Exercise directions:
The lines from the top of the material below through the line containing "Chicoreus brevifrons from Margarita Island" are to be printed exactly, with pictures omitted.

--- The data ---

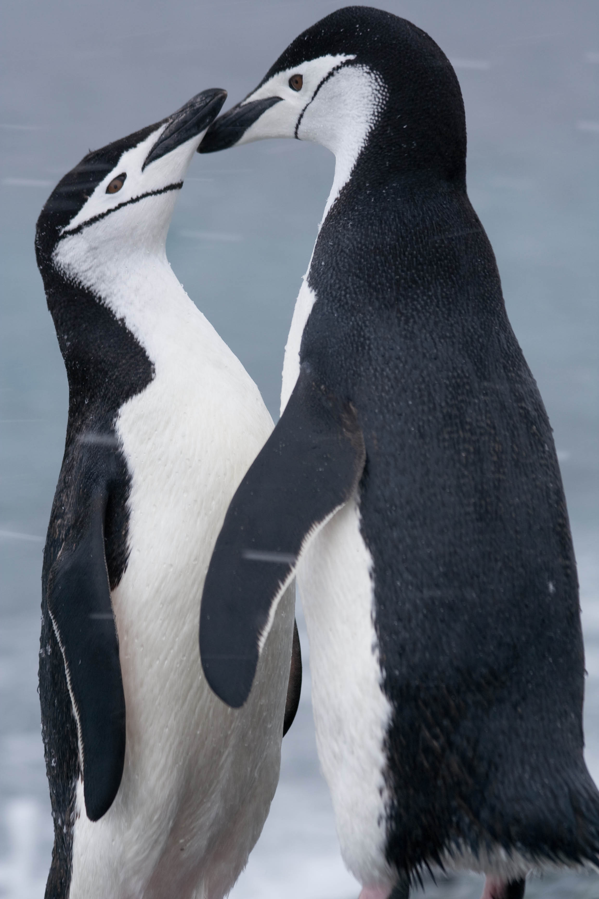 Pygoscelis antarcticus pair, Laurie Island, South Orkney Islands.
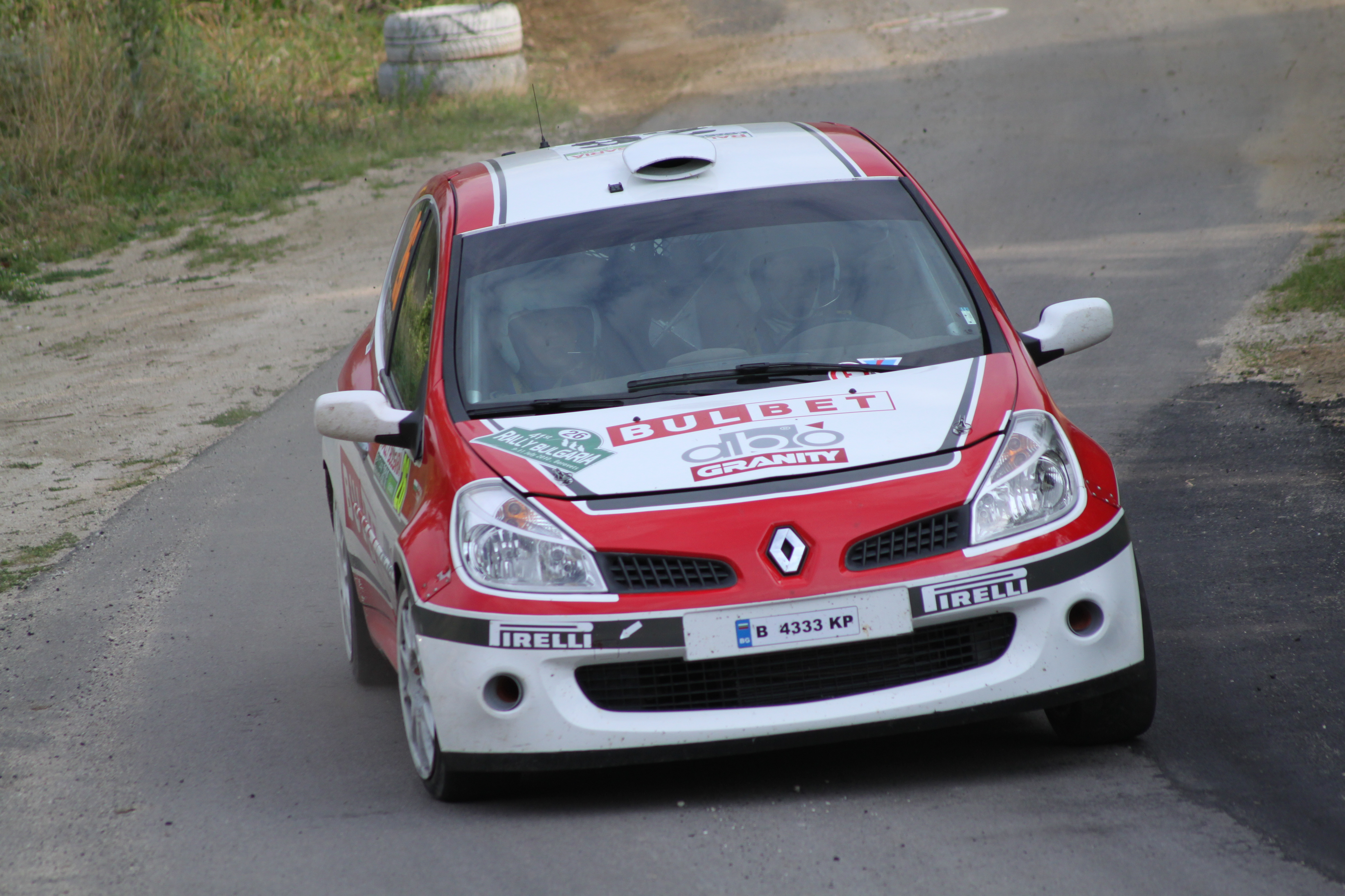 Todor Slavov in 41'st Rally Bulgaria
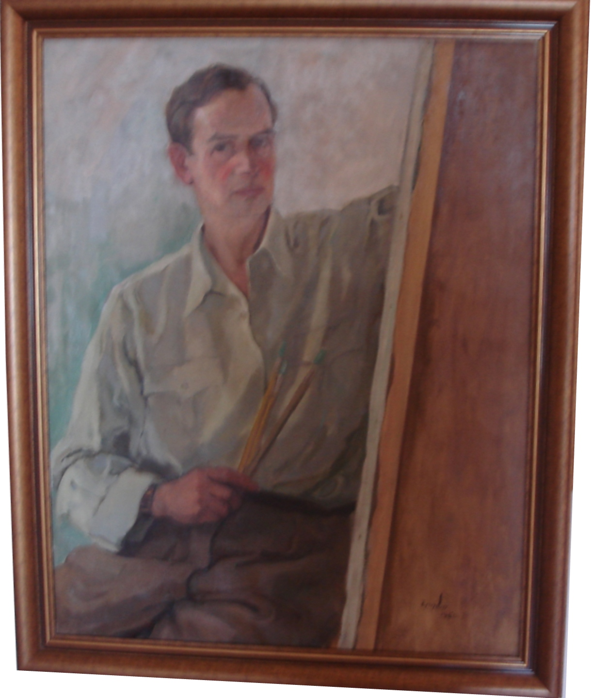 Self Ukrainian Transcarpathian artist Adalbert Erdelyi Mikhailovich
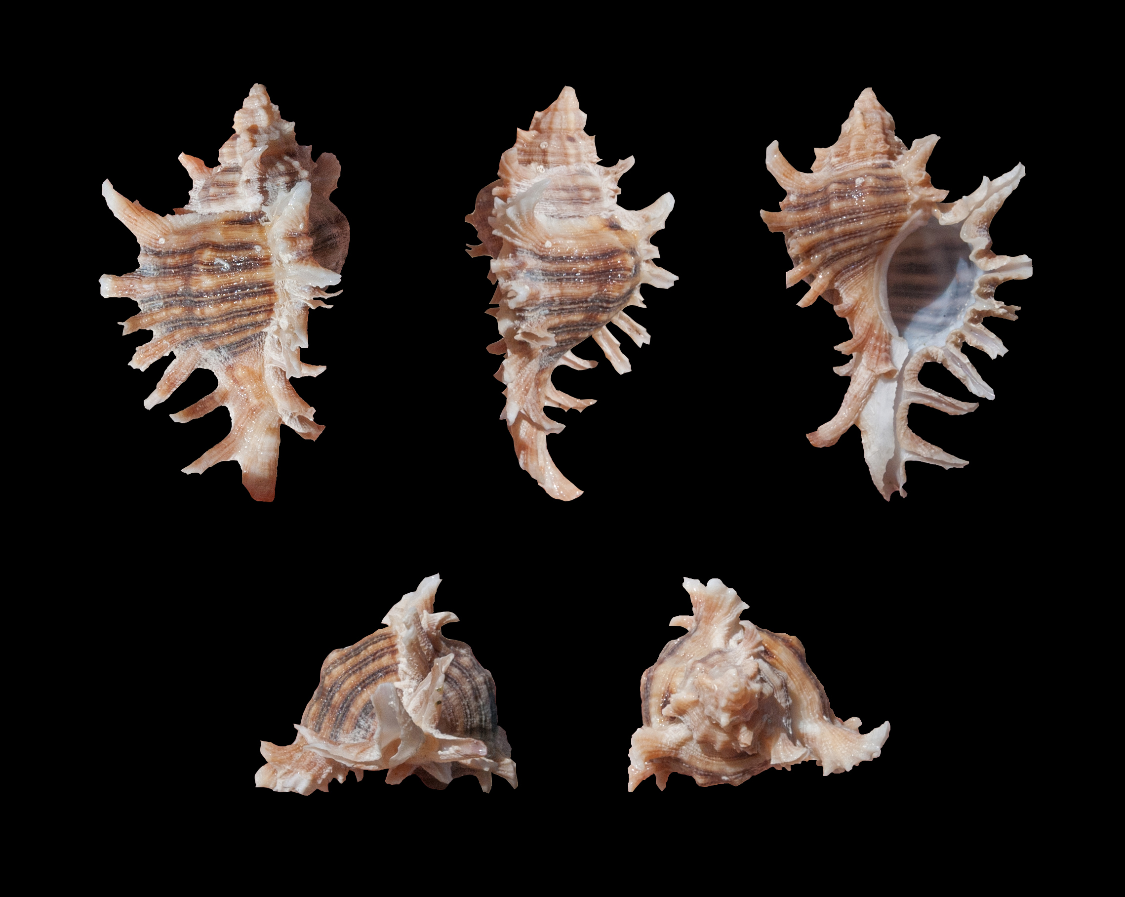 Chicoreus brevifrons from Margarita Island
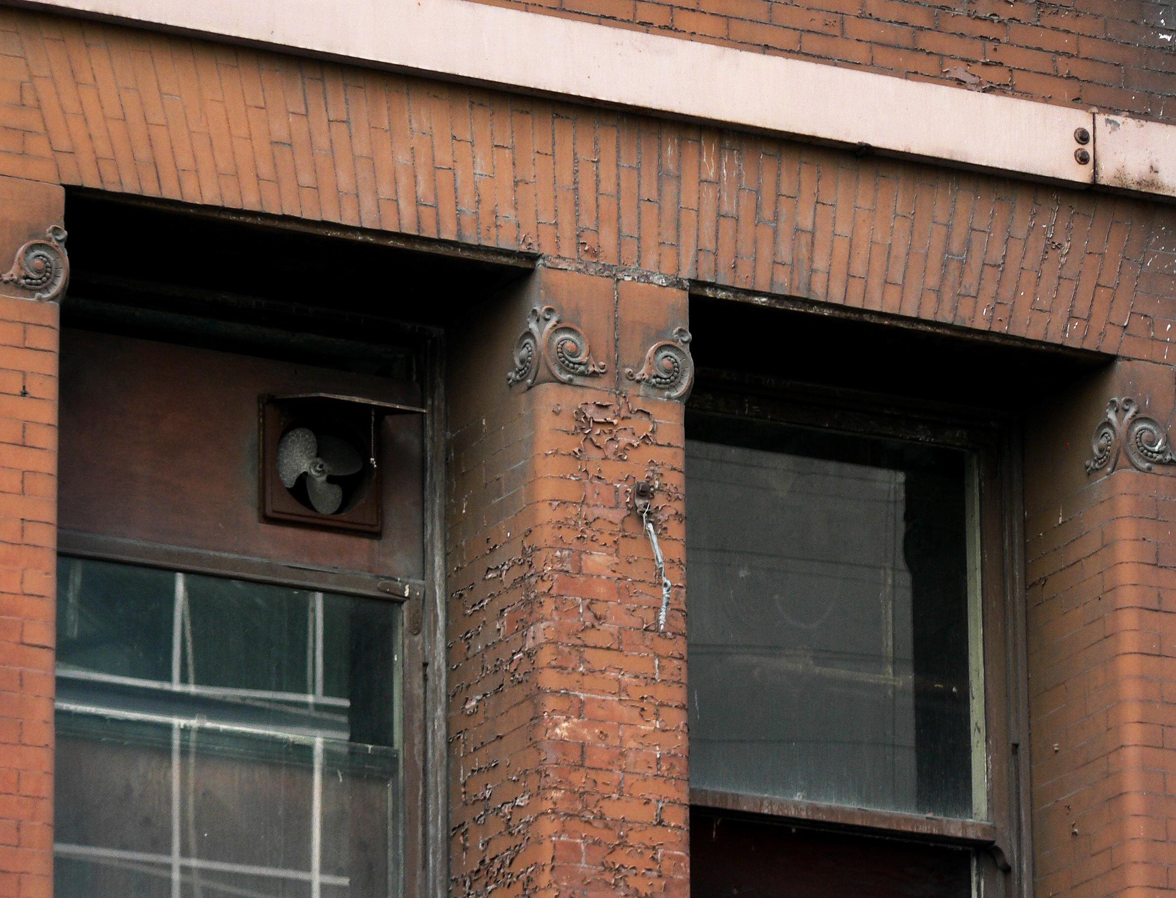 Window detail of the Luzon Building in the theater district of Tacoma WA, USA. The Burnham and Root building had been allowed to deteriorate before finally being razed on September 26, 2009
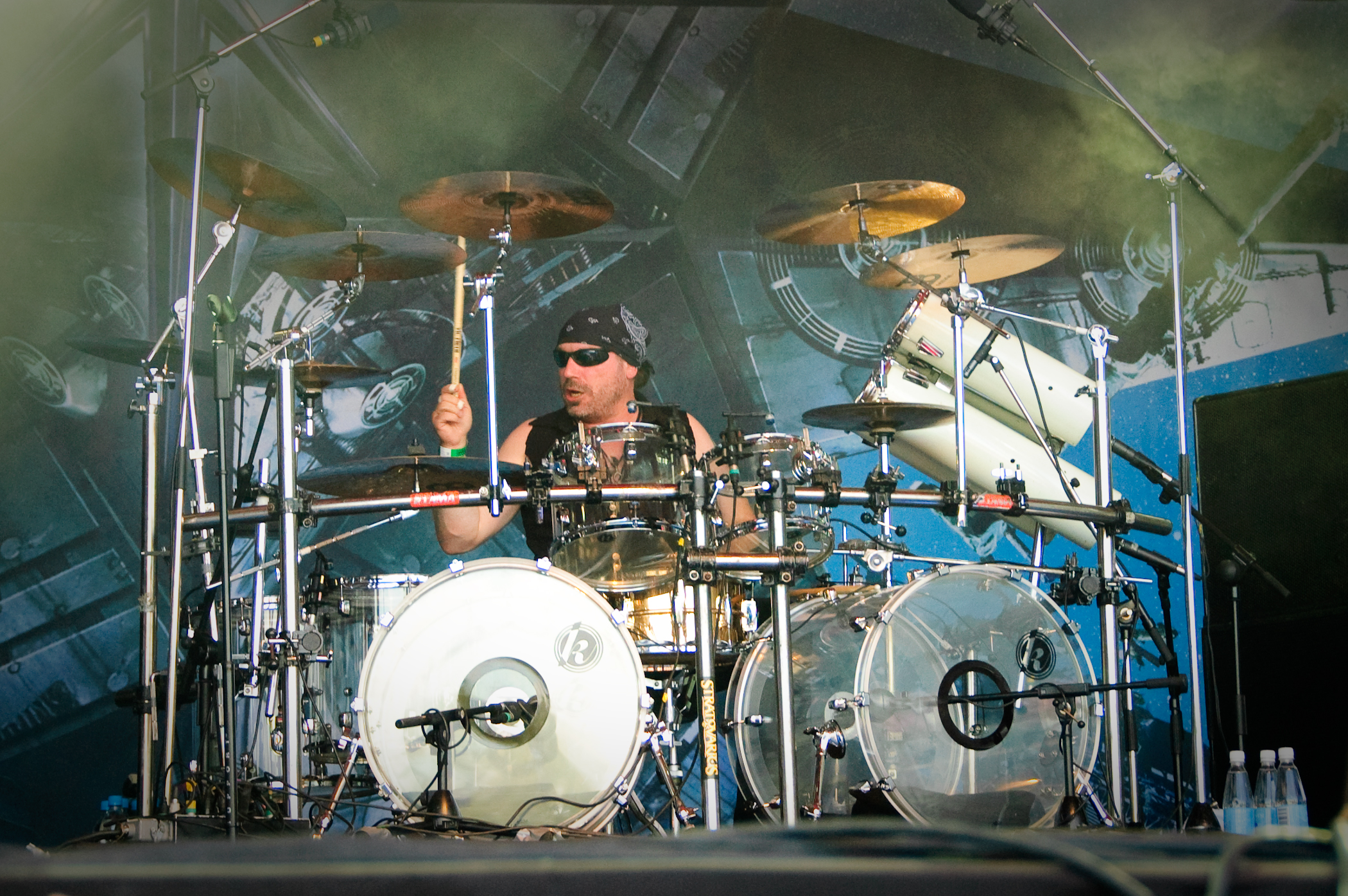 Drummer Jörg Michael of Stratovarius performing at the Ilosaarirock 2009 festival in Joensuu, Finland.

---

Solution to this task:
 Pygoscelis antarcticus pair, Laurie Island, South Orkney Islands.
 Todor Slavov in 41'st Rally Bulgaria
 Self Ukrainian Transcarpathian artist Adalbert Erdelyi Mikhailovich
 Chicoreus brevifrons from Margarita Island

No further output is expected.